The task calls for the lines below from the line with "In Kaltern: Der" to the line with "灭火器灌装机新型提供的具有确", both ends included, copied exactly, without any pictures.

▶ _Excerpted data_:
BEGIN
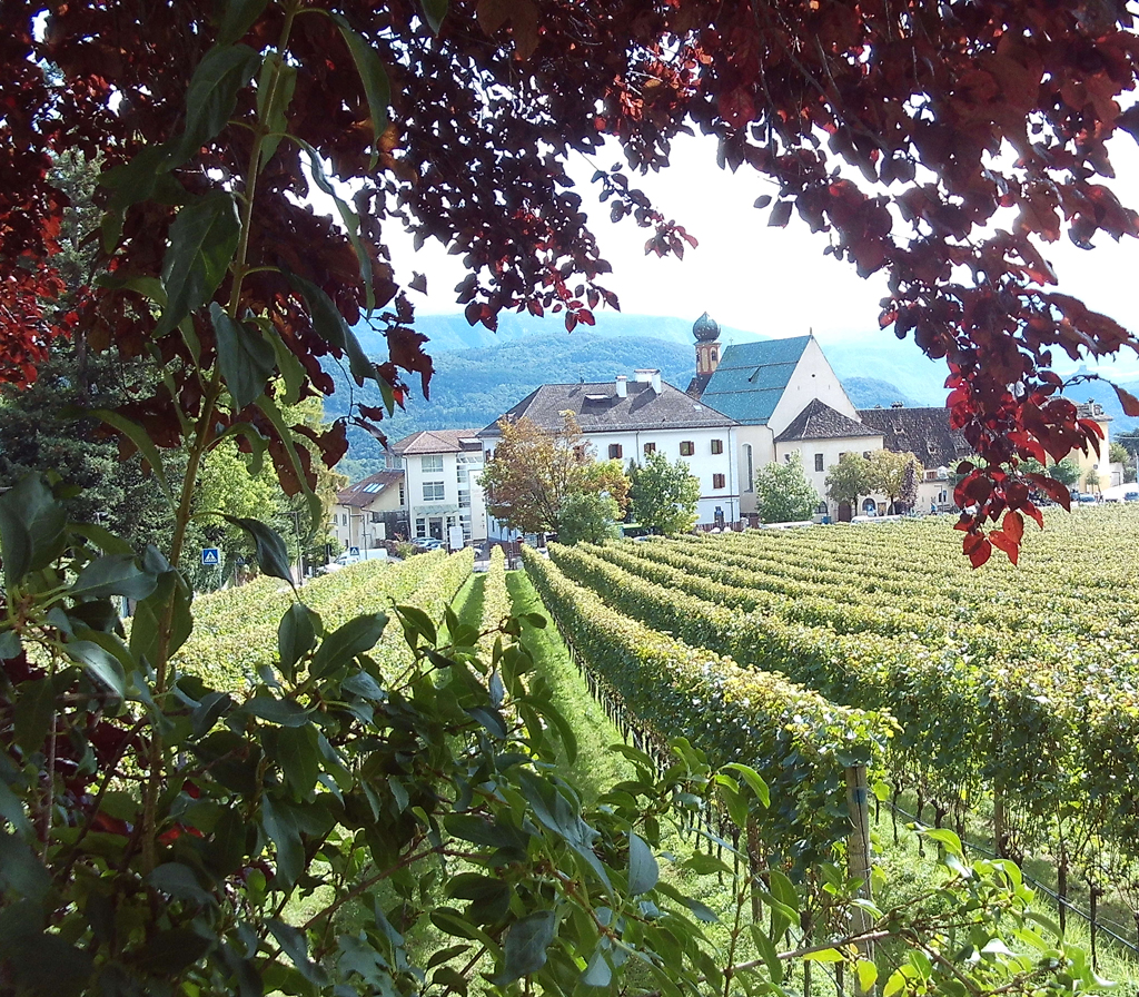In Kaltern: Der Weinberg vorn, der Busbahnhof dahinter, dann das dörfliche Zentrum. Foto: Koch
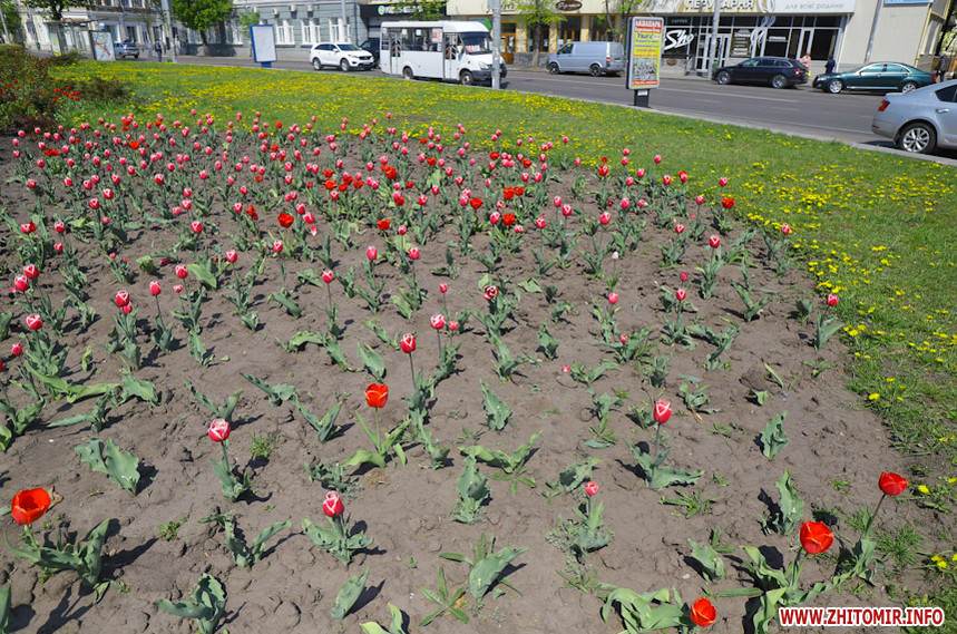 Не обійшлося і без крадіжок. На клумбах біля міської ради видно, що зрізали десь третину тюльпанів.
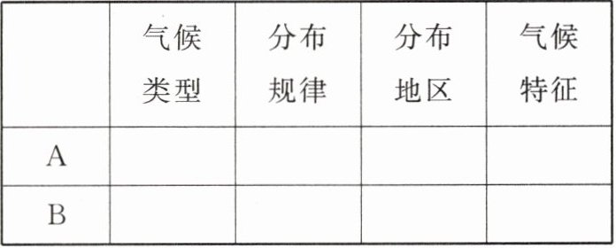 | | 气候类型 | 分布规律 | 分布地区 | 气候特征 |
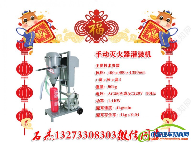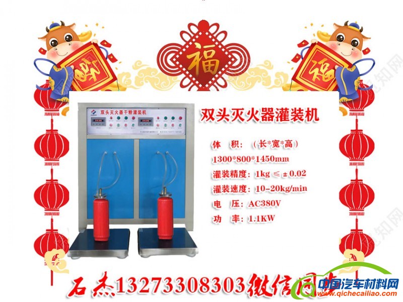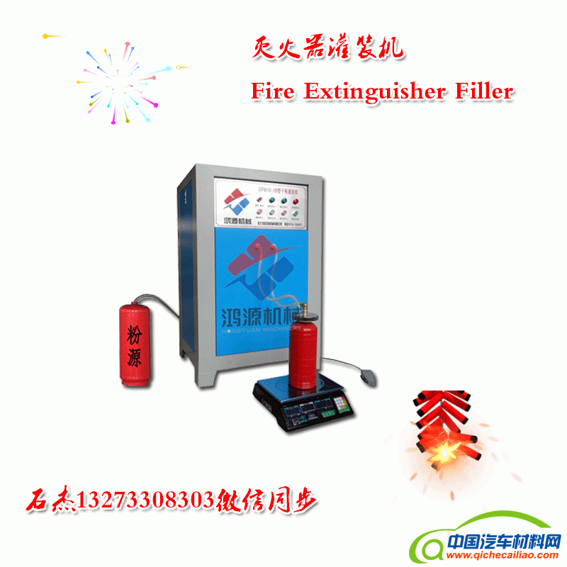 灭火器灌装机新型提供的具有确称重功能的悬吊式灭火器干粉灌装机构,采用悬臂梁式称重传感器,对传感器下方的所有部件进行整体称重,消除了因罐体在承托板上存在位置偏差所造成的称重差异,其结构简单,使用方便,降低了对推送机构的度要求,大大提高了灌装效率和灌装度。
END
BEGIN
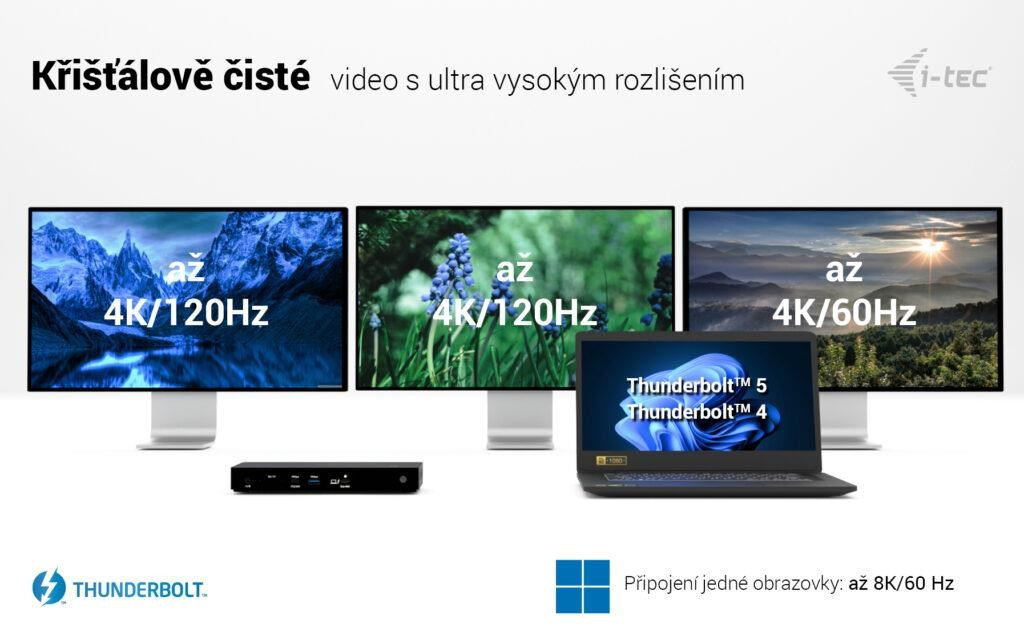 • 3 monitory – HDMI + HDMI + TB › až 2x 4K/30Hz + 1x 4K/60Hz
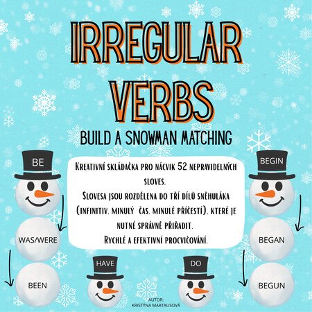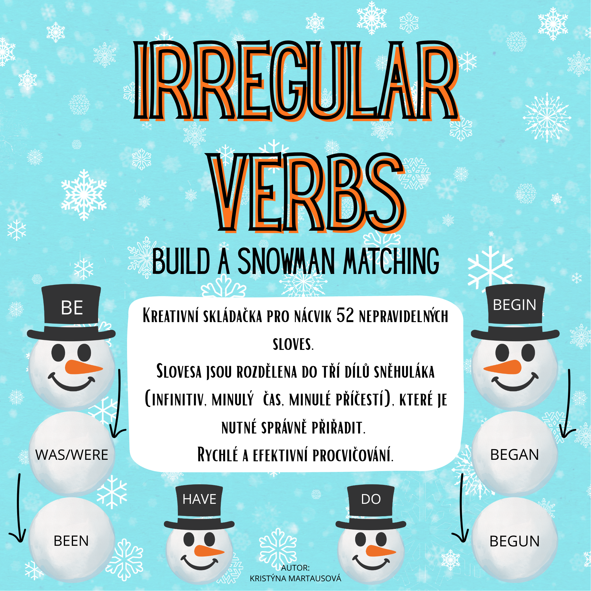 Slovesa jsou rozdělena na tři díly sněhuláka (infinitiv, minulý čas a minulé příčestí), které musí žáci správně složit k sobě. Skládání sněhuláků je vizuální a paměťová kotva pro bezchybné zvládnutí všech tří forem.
END
▶ _Response for this exercise_:
In Kaltern: Der Weinberg vorn, der Busbahnhof dahinter, dann das dörfliche Zentrum. Foto: Koch
 Не обійшлося і без крадіжок. На клумбах біля міської ради видно, що зрізали десь третину тюльпанів.
 | | 气候类型 | 分布规律 | 分布地区 | 气候特征 |
 灭火器灌装机新型提供的具有确称重功能的悬吊式灭火器干粉灌装机构,采用悬臂梁式称重传感器,对传感器下方的所有部件进行整体称重,消除了因罐体在承托板上存在位置偏差所造成的称重差异,其结构简单,使用方便,降低了对推送机构的度要求,大大提高了灌装效率和灌装度。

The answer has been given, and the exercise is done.